Devices should be tested as they are sold by manufacturers, which may include or not thermal protection. So, the only way to know if a particular SSD has thermal throttling is to test it. Both with low and extreme high load. Then, let the users decide, depending on their use and preferences. Information is good and it is great when such information shows on reviews. Choices are good. That is the reason of my question.
I understand what the purpose is very well but there is no need as this is a portable Tbt3 device that has more than sufficient passive cooling atttached to it. The tests others have done are simply on bare SSDs. Sorry that I cannot assist any further. Trust me when i say that if there was any thermal throttling to be seen, I would have seen it in my testing. None. I have never seen such out of ANY TbT 3 SSD and this is because it is significantly lower in reads and especially writes than SSDs installed in systems.

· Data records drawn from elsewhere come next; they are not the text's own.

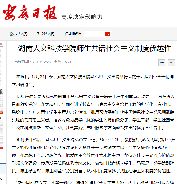 12月28日,娄底日报“要闻综合”版对此次研讨会进行了宣传报道。(马克思主义学院供稿)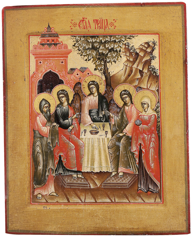 ICONA RUSSA DEL XIX SECOLO La mensa di AbramoTempera all'uovo su tavola, cm...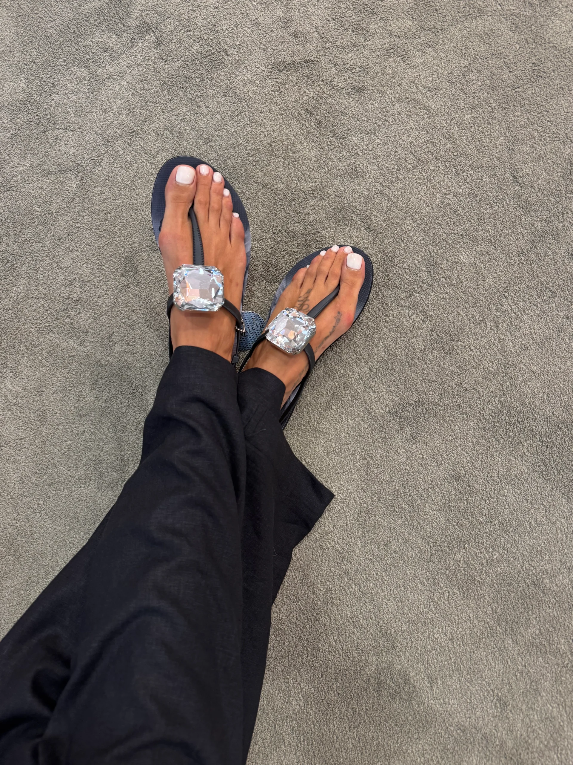 Ciabattina infradito in gomma nera con pietra centrale argento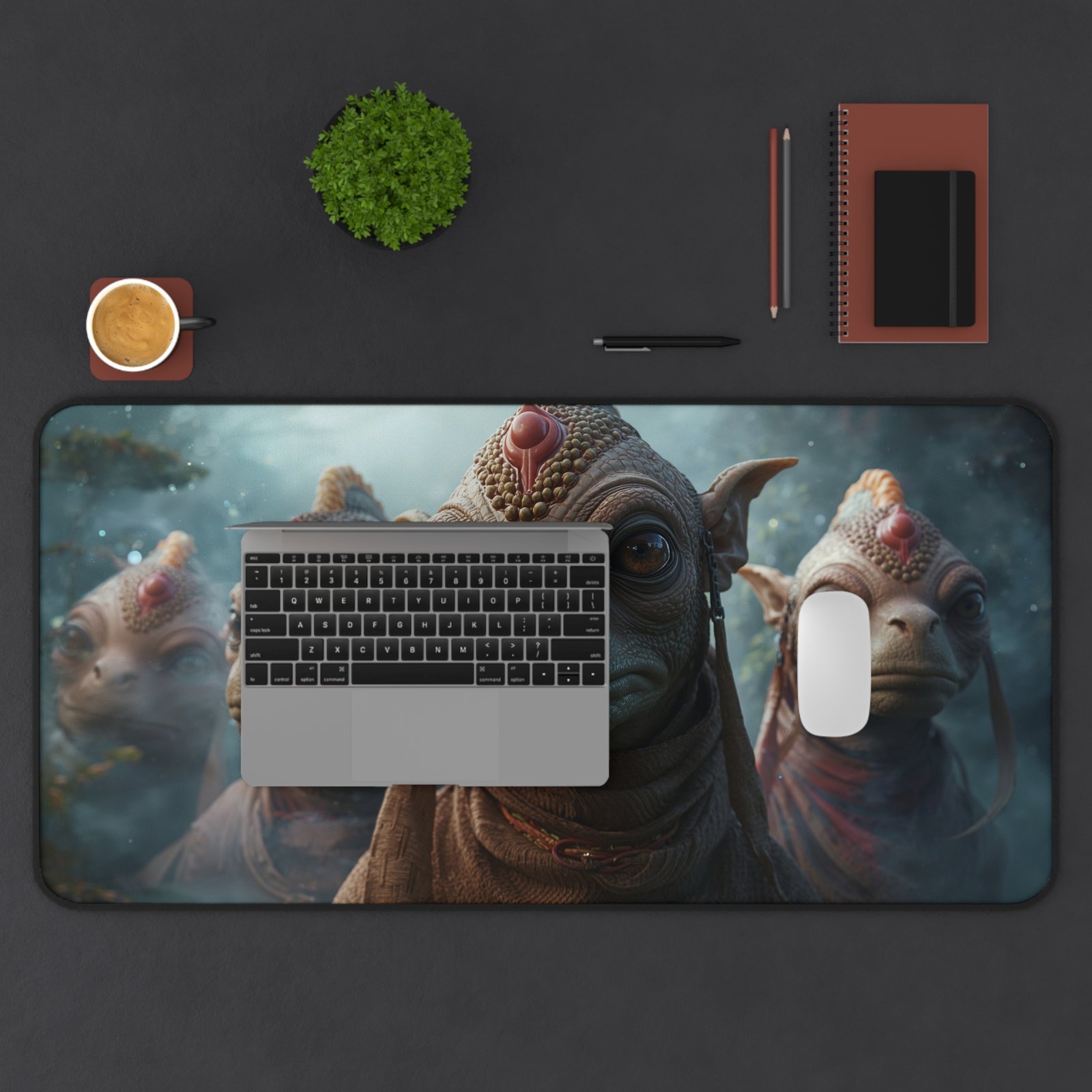 Add a touch of color and originality to your setup with our XXL Gungan-themed Desk Mat. This unique pad captures the beauty of the planet Naboo and the ingenuity of the Gungans’ underwater cities.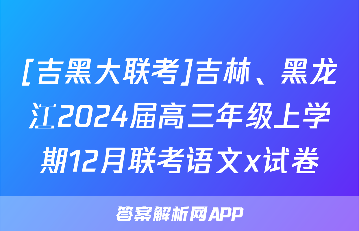 [吉黑大联考]吉林、黑龙江2024届高三年级上学期12月联考语文x试卷正在持续更新,目前2026卷行天下答案网为大家整理了相关试题及答案,供大家查缺补漏,高效提升成绩。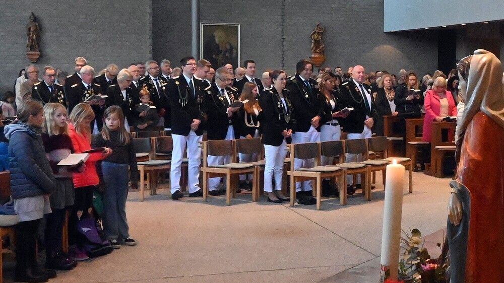 Für die verstorbenen Vereinsmitglieder brannte die Hubertuskerze der Bruderschaft. Die musikalische Begleitung leistete der Musikzug Spexard der Freiwilligen Feuerwehr unter der Leitung von Christoph Wiemann. Im Pfarrheim traf sich die Schützenfamilie anschließend zum Frühstück, an das sich eine Vorführung des Filmes vom Schützenfest anschloss.

Thanks for the information. In our experience, most thermal throttling issues arise with external devices (and mostly with PCIe NVMe than with SATA), since internal ones usually have better cooling aids, including the complete computer enclosure. Think for instance on a MacBook or iMac aluminium body, actually working as giant heat sinks, besides the large volume and big fans inside.
I have been talking to some SSD manufacturers these days, and they say that they do not have released such large-capacity external portable SSD yet because of such thermal throttling problems. They are thinking on doing it with SATA disks first, which are less prone to thermal throttling than PCIe NVMe, and then with the latter, once they fix the thermal throttling problems, but they are not sure that they could do it. So, it seems that there is a real technological problem here.
It gets extraordinarily hot. I had two occasions on which to clone my MacBook Pro’s 8TB SSD to the QTRM-Q. The first occasion resulted in the failure of the drive, whose case reached temperatures as high as 171F. I bought a second XTRM-Q – which, fortunately, seems to work just fine – however case temperatures during large transfers consistently reach ~160F.
Yes, those readings are accurate.
Real world transfers over Thunderbolt 3 max out in the 1900s MB/s, both read and write. For comparison, the 4TB XTRM max out around 2,500 MB/s read, 2,400 MB/s write.
DriveDx reports that the disk does not thermally throttle, and I have not found that transfer speeds are in any way related to heat…. aside from, of course, heat killing the controller. Or whatever happened with my first 8TB XTRM-Q.
The failed drive went back to Sabrent. The exchange was accompanied by an unasked-for and surprisingly generous goodwill gesture by Sabrent, and I asked that they let me know what they find with the failed drive.
We’ll see.
Hi Jay – How has your experience been with the replacement they sent you? Have you had any more problems? Did they ever tell you what happened to the first drive that made it fail?
are you sure there are no screws behind the rubber feet? Hard to imagine they would seal/weld it shut.
It is secured by a screw under the round branding badge which has been stuck there with adhesive.
hey are you sure there are no screws behind the rubber feet? So weird they would seal/weld it shut like that.